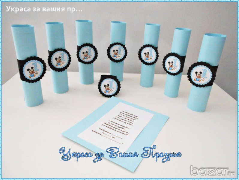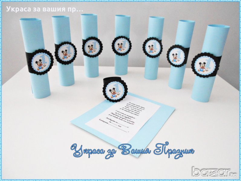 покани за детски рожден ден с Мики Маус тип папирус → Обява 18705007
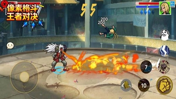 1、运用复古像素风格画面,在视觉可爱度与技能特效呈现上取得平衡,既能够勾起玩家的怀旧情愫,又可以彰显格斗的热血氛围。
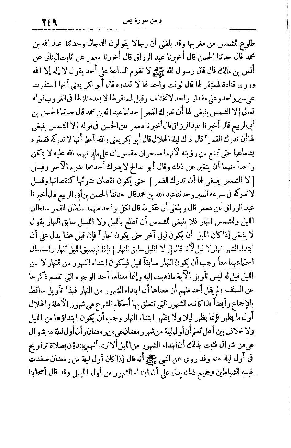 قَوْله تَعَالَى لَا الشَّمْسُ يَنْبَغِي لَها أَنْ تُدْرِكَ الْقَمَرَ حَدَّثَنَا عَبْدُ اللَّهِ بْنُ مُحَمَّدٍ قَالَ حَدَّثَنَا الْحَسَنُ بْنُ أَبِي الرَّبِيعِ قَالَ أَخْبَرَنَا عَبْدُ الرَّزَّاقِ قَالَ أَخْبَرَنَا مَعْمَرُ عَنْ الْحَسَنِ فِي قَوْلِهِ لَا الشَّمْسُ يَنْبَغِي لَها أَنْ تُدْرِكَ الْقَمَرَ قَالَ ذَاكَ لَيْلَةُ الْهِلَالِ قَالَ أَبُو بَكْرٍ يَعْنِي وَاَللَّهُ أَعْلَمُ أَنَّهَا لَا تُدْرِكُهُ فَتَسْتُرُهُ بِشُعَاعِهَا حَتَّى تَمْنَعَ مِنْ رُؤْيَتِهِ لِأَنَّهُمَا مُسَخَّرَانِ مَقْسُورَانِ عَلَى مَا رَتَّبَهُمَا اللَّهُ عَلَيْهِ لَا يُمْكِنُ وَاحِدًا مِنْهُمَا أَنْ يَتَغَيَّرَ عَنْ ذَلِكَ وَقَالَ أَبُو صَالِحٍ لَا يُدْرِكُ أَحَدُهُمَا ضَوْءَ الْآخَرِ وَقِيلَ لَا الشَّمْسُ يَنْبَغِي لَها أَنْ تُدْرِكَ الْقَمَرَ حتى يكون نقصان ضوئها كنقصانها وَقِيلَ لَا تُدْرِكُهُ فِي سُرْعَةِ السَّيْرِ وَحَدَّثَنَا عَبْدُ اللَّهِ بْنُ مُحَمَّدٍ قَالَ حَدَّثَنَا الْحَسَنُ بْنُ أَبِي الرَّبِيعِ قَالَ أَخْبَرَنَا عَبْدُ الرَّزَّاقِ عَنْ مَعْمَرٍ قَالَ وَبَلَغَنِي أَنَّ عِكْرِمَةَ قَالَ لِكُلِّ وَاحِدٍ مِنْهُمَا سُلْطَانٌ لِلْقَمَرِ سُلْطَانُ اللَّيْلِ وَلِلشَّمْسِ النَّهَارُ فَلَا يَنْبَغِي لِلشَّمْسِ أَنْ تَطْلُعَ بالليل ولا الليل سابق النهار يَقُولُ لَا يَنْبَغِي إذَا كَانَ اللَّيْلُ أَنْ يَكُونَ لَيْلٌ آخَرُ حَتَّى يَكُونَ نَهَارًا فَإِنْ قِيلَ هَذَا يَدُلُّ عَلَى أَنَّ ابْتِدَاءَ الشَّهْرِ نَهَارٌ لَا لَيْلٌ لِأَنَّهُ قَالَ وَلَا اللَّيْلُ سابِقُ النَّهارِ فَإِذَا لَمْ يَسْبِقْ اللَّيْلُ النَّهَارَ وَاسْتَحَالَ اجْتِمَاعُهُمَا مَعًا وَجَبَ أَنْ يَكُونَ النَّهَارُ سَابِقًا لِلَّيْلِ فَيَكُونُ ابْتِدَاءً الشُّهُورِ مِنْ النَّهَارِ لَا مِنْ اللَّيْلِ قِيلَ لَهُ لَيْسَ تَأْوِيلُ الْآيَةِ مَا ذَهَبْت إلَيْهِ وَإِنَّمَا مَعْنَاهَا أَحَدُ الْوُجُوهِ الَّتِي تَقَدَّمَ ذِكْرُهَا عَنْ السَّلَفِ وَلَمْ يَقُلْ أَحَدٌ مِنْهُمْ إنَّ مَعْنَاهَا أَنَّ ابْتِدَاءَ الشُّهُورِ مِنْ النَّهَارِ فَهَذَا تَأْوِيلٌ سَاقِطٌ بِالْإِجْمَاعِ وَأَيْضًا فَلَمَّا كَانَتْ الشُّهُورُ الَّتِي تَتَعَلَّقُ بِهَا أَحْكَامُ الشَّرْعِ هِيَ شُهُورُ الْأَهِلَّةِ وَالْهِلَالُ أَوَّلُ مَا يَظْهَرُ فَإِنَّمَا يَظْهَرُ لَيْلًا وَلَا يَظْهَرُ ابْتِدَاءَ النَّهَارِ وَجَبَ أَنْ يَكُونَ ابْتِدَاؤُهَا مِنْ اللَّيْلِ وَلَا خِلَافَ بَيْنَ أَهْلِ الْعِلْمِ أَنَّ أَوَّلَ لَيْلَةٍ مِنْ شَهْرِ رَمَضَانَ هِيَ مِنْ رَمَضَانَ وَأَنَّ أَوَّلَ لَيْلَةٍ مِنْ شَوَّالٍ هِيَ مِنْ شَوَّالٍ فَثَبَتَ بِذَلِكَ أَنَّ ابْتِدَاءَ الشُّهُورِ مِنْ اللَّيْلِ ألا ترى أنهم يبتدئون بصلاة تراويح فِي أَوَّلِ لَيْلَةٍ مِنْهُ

---

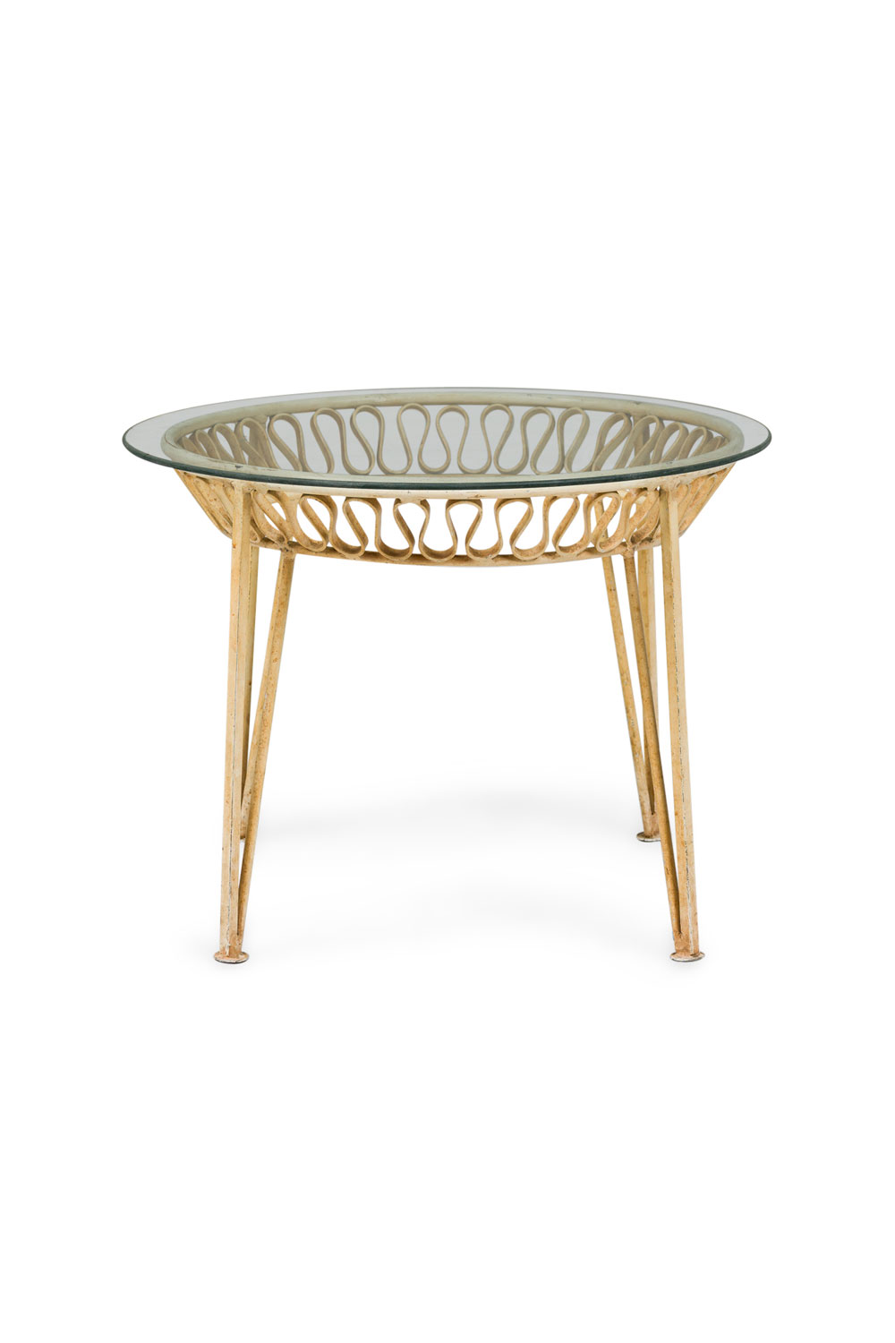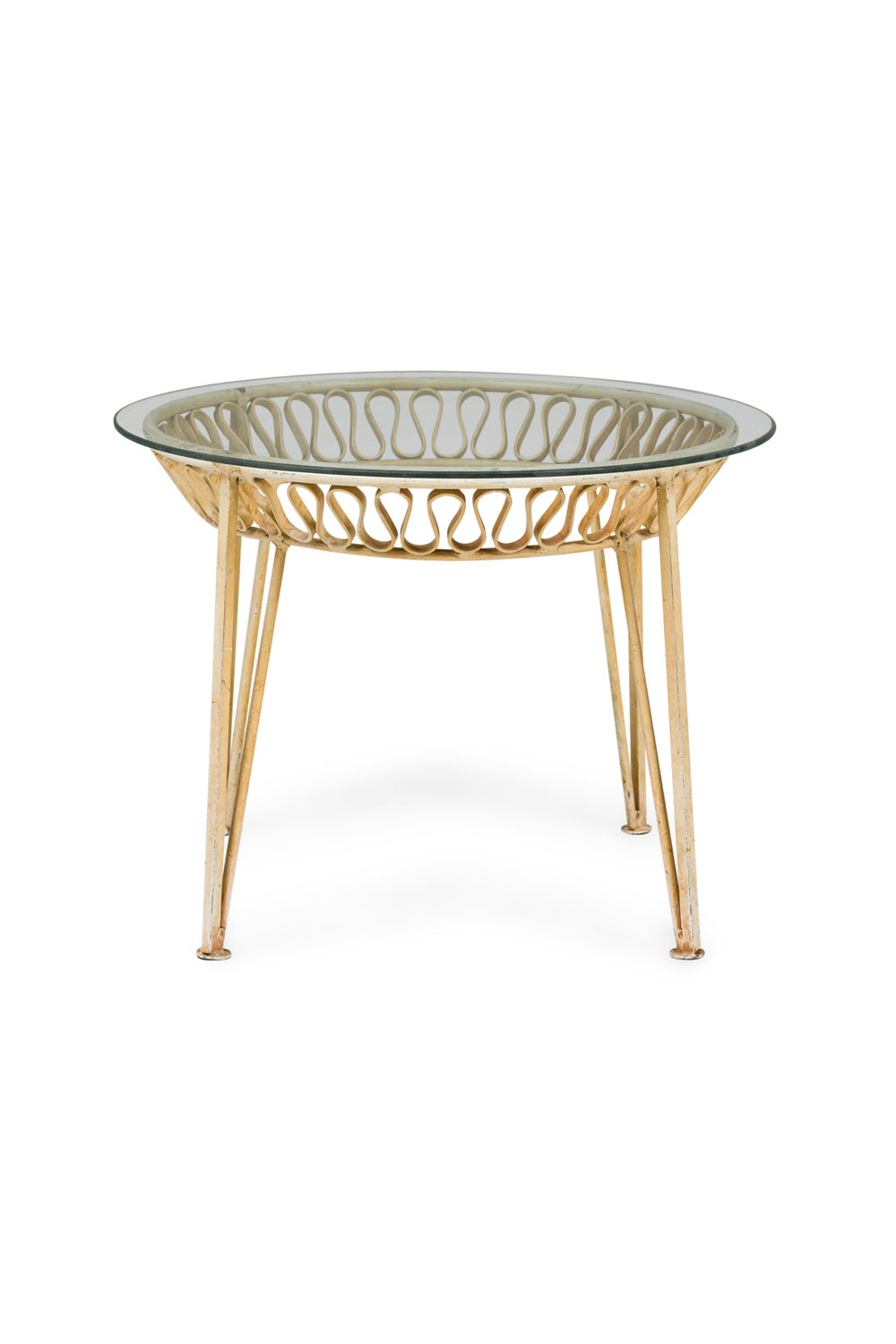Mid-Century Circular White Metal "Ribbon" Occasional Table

- What to produce -
What are the lines above from the one with "покани за детски" to the one with "1、运用复古像素风格画面,在", both included? Reproduce them exactly, without pictures.

- Problem solution -
 покани за детски рожден ден с Мики Маус тип папирус → Обява 18705007
 1、运用复古像素风格画面,在视觉可爱度与技能特效呈现上取得平衡,既能够勾起玩家的怀旧情愫,又可以彰显格斗的热血氛围。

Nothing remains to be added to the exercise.